Gli altri sapevano. I dipendenti ai quali era stato riferito l’accaduto si sono mostrati solidali con le tirocinanti, narrando episodi analoghi che altre persone avrebbero subito dall’indagato, salvo poi ritrattare tutto quando sono stati convocati dal pm a sommarie informazioni. Il pubblico ministero Cubellotti, titolare del fascicolo, ha fatto un passo indietro, chiedendo l’archiviazione del 66enne sul presupposto che i comportamenti denunciati  non appaiono tali da integrarsi nel reato di stalking, “non presentano quella pervasività idonea a provocare uno stravolgimento generale della vita delle persone offese, dovendosi più correttamente circoscrivere la portata offensiva al solo contesto lavorativo”.

Il dietro front del pm. A parere del magistrato, “le condotte persecutorie non sono mai debordate in atti di violenza o minaccia di rilevante gravità”. Tuttavia pur non integrando gli estremi del reato di stalking, appaiono riconducibili “ad una diversa fattispecie che consiste nell’ abituale denigrazione, vessazione ed umiliazione posto in essere sui luoghi di lavoro da colleghi o superiori gerarchici ai danni di altri colleghi o dipendenti finalizzata ad ottenerne l’isolamento o addirittura il licenziamento”. In sostanza si tratterebbe di mobbing che “tuttavia – si legge nella richiesta di archiviazione – questi comportamenti pur essendo scevri da profili di rilevanza penale, producono comunque dei sensibili effetti di turbamento e frustrazione psicologica in chi li subisce, ragion per cui le vittime devono comunque ricevere un’adeguata tutela nelle sedi civili competenti, in termini di risarcimento del danno patrimoniale e non patrimoniale patito”.  Il magistrato esclude anche l’ipotesi del reato di violenza sessuale subito dalle tirocinanti, trattandosi di un unico episodio, non reiterato nel tempo, dovendosi invece  parlare “di uno spregiudicato e sconveniente tentativo di approccio sessuale”.

“Richiesta di archiviazione illogica”. Una richiesta di archiviazione definita “illogica” dall’avvocato Valerio Murgano, difensore di una delle parti lese, che si è opposto alla richiesta di archiviazione, chiarendo che i fatti narrati dalle tirocinanti “delineano un contesto allarmante nel palazzo di giustizia della Corte di appello di Catanzaro. Il pm, titolare del fascicolo, non dimostra di dubitare del racconto delle vittime, ma ritiene erroneamente che le condotte non integrino alcuna fattispecie di reato, nonostante le stesse abbiano rappresentato con dovizia di particolari i gravi comportamenti subiti dall’assistente giudiziario”.  A parere del legale, l’assistente giudiziario avrebbe abusato della sua funzione di pubblico ufficiale, con comportamenti vessatori, proseguiti ben oltre la consumazione del reato a sfondo sessuale “determinando un grave stato di ansia e turbamento tale da modificare le abitudini di vita, i rapporti con i colleghi e le stesse scelte lavorative”, sottolineando il clima di omertà “proprio all’interno di quelle istituzioni che simili atteggiamenti dovrebbe contrastare.

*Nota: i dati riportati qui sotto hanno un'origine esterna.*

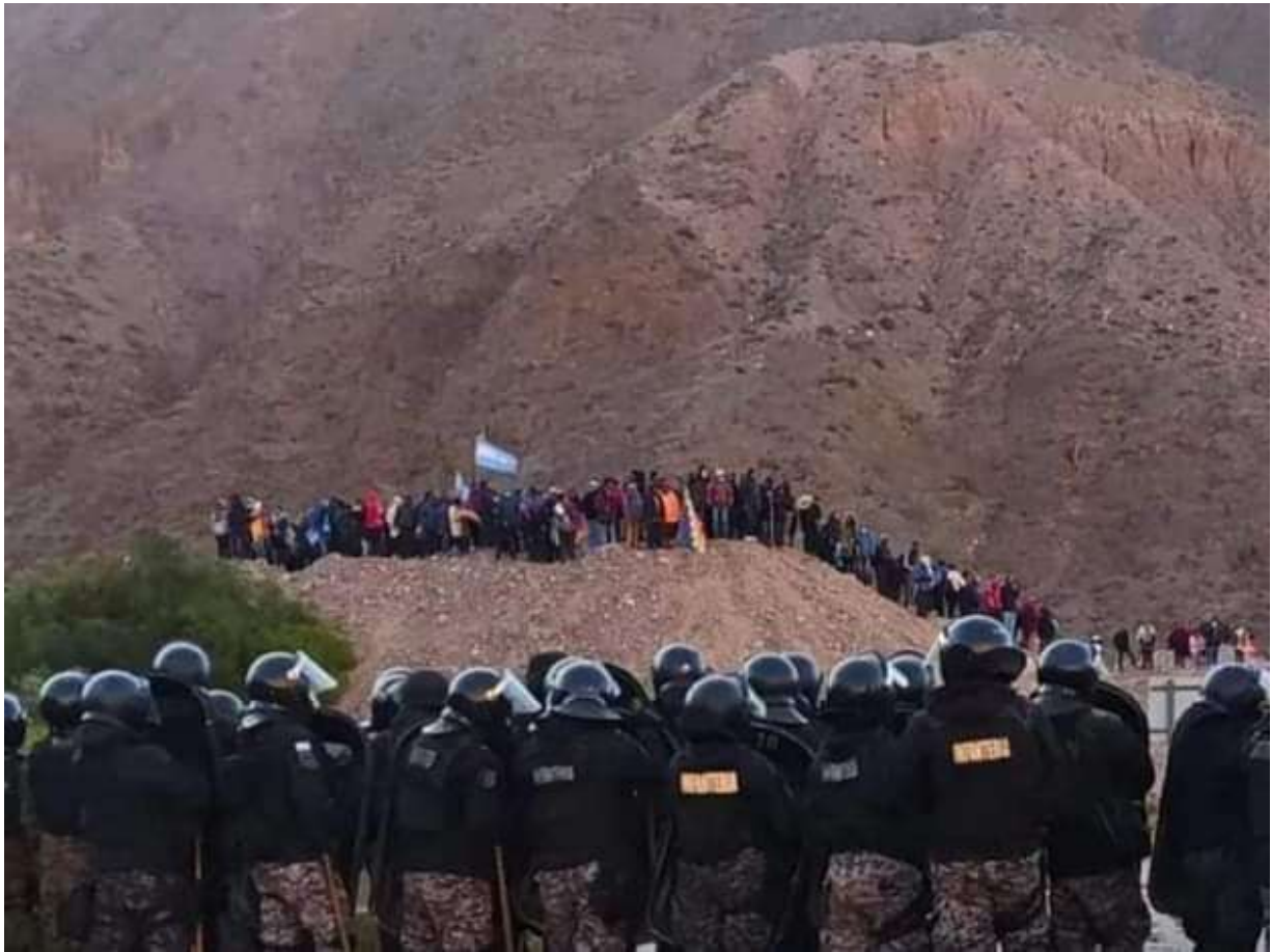
Figura 7: Corte en Purmamarca, Jujuy. Junio 2023.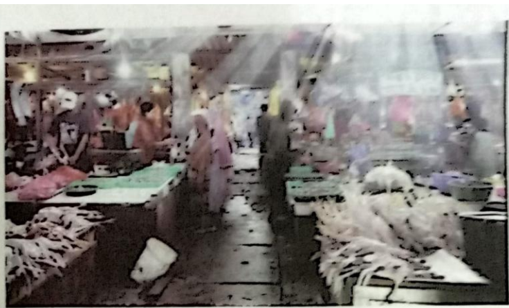
MULAI NAIK: Beberapa pedagang yang menjual sembako di Pasar Larangan, Sidoarjo.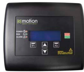
Variateur E-MOTION M/T 2-11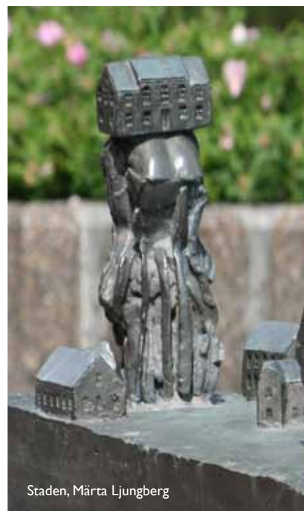
Staden, Märta Ljungberg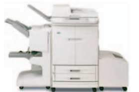
HP Color LaserJet 9500mfp, med multifunktionsfinisher och högkapacitetsmagasin som tillval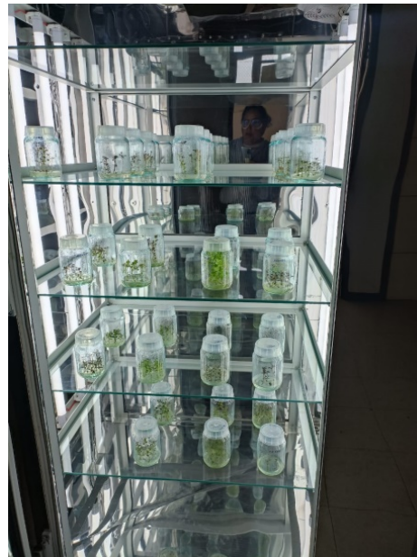
Cámara de termoterapia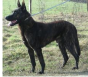
Caya Olga van de Vastenow (NHSB 2281903)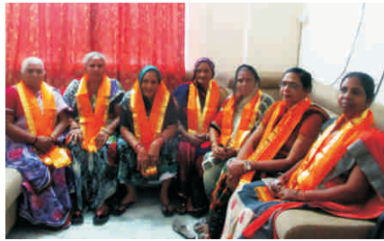
बी.आर. ज्वैलर्स दिल्ली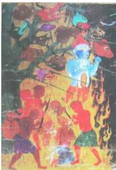
تصویر شماره ۲۵ درخت دوزخی - بخشی از تصویر - معراج نامه

۳- عامل بافت فقط در موی دیوها دیده می شود، بدن آنها بافت ملایمی دارد و اگر اندک بافتی روی بدن ها باشد در تصاویر دیده نمی شود. شلیته ها هم ساده و بدون بافت است و فقط چین خوردگی اندکی در آنها دیده می شود. (تصویر شماره ۲۵).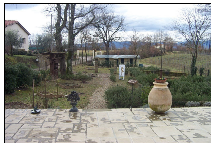
Foto: 09 Data ripresa: 24/02/2006 Edificio: 353/D File: 353-09.JPG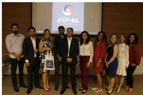
Lançamentos aconteceram no auditório da futura sede da Adep-BA

Apoio da Rede Bahia vai ampliar repercussão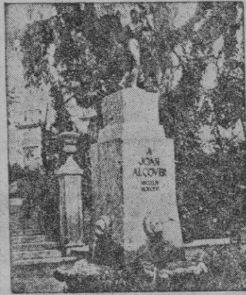
Monumento a Juan Alcover en el Jardín de la Glorieta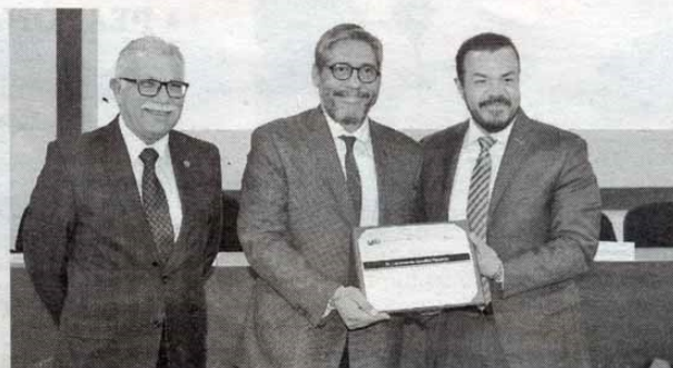
Staff - Expreso-La Razon

En ese sentido, mencionó que participarán ponentes de universidades de Argentina, Colombia, Cuba y España; investigadores de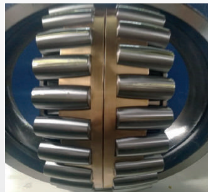
PEÇA 2 - Rolamentos Autocompensadores de Rolos Esféricos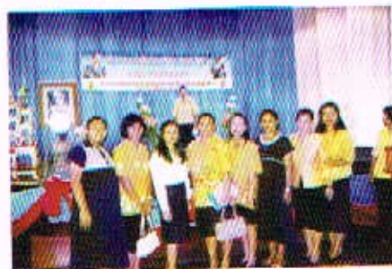
การศึกษาดูงานที่การอ่านสัปดาห์ 30 ส.ค. 50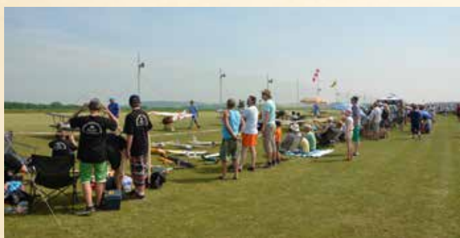
Slet Top modelů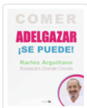
COMER Y ADELGAZAR ¡SE PUEDE! ARGUIÑANO KARLO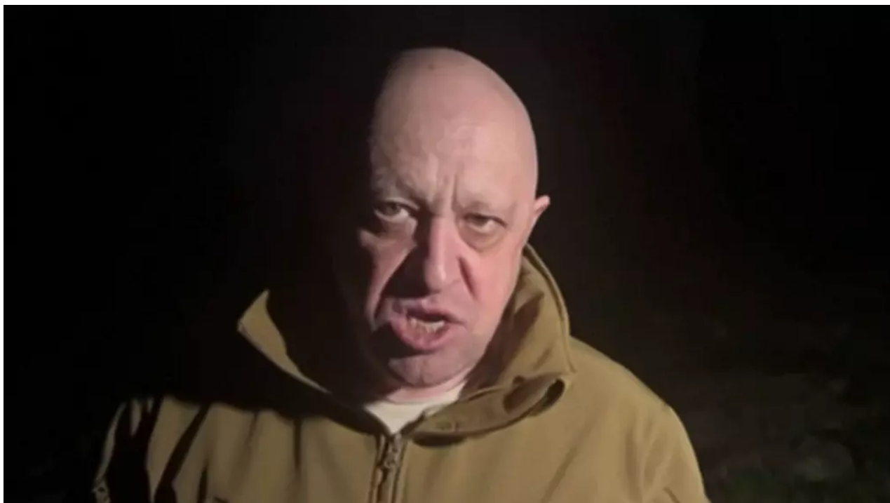
Jevgenij Prigožin

„Dědeček, naprostý ...“ Prigožin se poprvé pustil přímo do Putina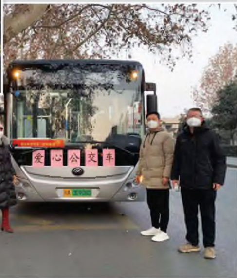
西安医学院第一附属医院接送职工上下班的爱心公交车

交大一附院工会发动离退休办、体检部、社区办、保卫部、职工健康管理中心等在全院教职工中开展疫情宣传和排查工作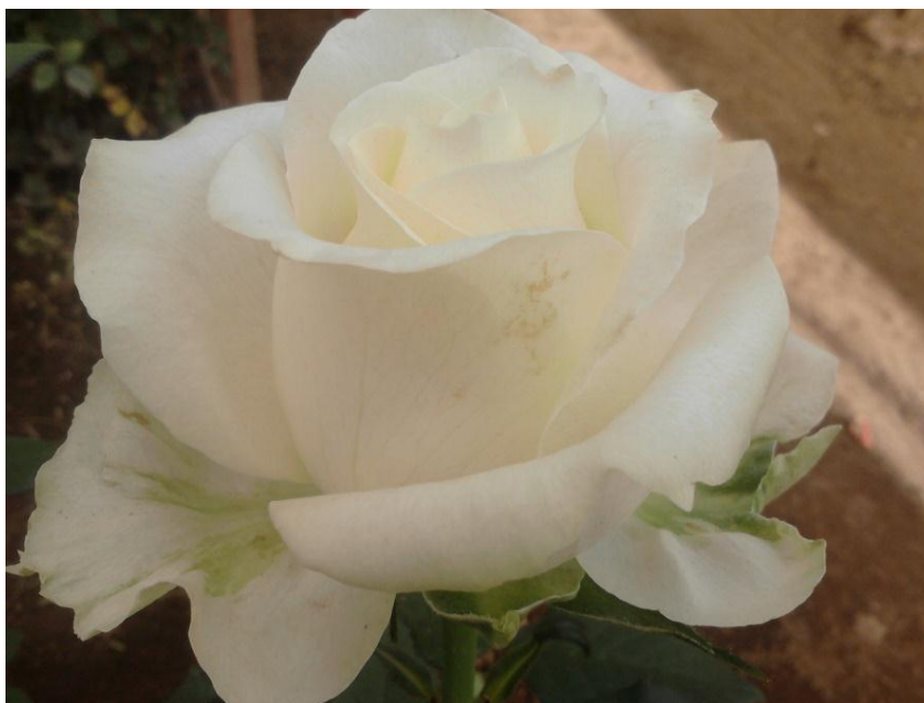
Imagen 11. Botón de rosa variedad Avelance con daño en pétalo por trips.

Las picaduras por posturas, donde la hembra al realizar su ovoposición causa lesiones (agallas, punteaduras o abultamientos) en el tejido vegetal en donde incrusta el huevo. Si el órgano en el que realiza la postura se encuentra en fase de crecimiento se produce una pequeña concavidad o verruga prominente que hace reaccionar al tejido adyacente, observándose un manchado blanquecino. Si la postura ocurre sobre la flor, se produce una alteración en el proceso de fecundación.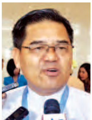
ဦးခက်ထိန်နန်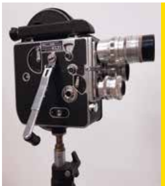
Trépied pour la caméra CI 345

Il clima di reticenze appare ancora più evidente nelle trascrizioni dei file audio prodotti dalle persone offese e che il pm neanche cita nell’atto. Le registrazioni attestano che le due ragazze hanno provato a lamentarsi e a risolvere il problema denunciando tutto ai loro dirigenti, senza ricevere tutela, anzi  sono state avvertite del rischio di essere trasferite dalla sede di lavoro, circostanza poi avveratasi”. L’opposizione alla richiesta di archiviazione verrà discussa lunedì a Palazzo Ferlaino davanti al gip nel corso dell’udienza camerale a porte chiuse.